# Work item
Print this span of the material below exactly: the line with "Marin is 18", the line with "Nun haben wir", and every line between them, but nothing else.

# Information shown
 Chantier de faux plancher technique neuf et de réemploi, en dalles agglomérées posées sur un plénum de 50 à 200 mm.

---

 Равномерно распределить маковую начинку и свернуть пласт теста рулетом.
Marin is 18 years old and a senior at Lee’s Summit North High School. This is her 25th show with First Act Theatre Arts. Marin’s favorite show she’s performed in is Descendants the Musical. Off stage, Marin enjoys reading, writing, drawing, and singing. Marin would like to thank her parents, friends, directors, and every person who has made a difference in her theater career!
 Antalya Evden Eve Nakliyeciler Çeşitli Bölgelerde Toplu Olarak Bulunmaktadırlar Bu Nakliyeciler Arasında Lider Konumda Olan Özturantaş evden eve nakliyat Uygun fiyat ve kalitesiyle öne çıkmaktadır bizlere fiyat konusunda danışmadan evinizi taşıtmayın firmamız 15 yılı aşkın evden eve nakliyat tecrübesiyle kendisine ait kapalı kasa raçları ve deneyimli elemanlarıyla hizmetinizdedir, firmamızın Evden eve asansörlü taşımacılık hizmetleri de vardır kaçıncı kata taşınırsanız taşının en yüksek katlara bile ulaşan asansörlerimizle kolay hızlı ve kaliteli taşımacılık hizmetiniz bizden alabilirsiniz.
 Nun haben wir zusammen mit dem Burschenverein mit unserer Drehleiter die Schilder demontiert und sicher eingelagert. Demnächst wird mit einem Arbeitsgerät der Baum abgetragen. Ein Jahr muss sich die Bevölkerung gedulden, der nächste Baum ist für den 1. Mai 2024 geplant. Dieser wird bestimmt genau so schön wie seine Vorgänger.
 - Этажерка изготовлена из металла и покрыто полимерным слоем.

# Exercise answer
Marin is 18 years old and a senior at Lee’s Summit North High School. This is her 25th show with First Act Theatre Arts. Marin’s favorite show she’s performed in is Descendants the Musical. Off stage, Marin enjoys reading, writing, drawing, and singing. Marin would like to thank her parents, friends, directors, and every person who has made a difference in her theater career!
 Antalya Evden Eve Nakliyeciler Çeşitli Bölgelerde Toplu Olarak Bulunmaktadırlar Bu Nakliyeciler Arasında Lider Konumda Olan Özturantaş evden eve nakliyat Uygun fiyat ve kalitesiyle öne çıkmaktadır bizlere fiyat konusunda danışmadan evinizi taşıtmayın firmamız 15 yılı aşkın evden eve nakliyat tecrübesiyle kendisine ait kapalı kasa raçları ve deneyimli elemanlarıyla hizmetinizdedir, firmamızın Evden eve asansörlü taşımacılık hizmetleri de vardır kaçıncı kata taşınırsanız taşının en yüksek katlara bile ulaşan asansörlerimizle kolay hızlı ve kaliteli taşımacılık hizmetiniz bizden alabilirsiniz.
 Nun haben wir zusammen mit dem Burschenverein mit unserer Drehleiter die Schilder demontiert und sicher eingelagert. Demnächst wird mit einem Arbeitsgerät der Baum abgetragen. Ein Jahr muss sich die Bevölkerung gedulden, der nächste Baum ist für den 1. Mai 2024 geplant. Dieser wird bestimmt genau so schön wie seine Vorgänger.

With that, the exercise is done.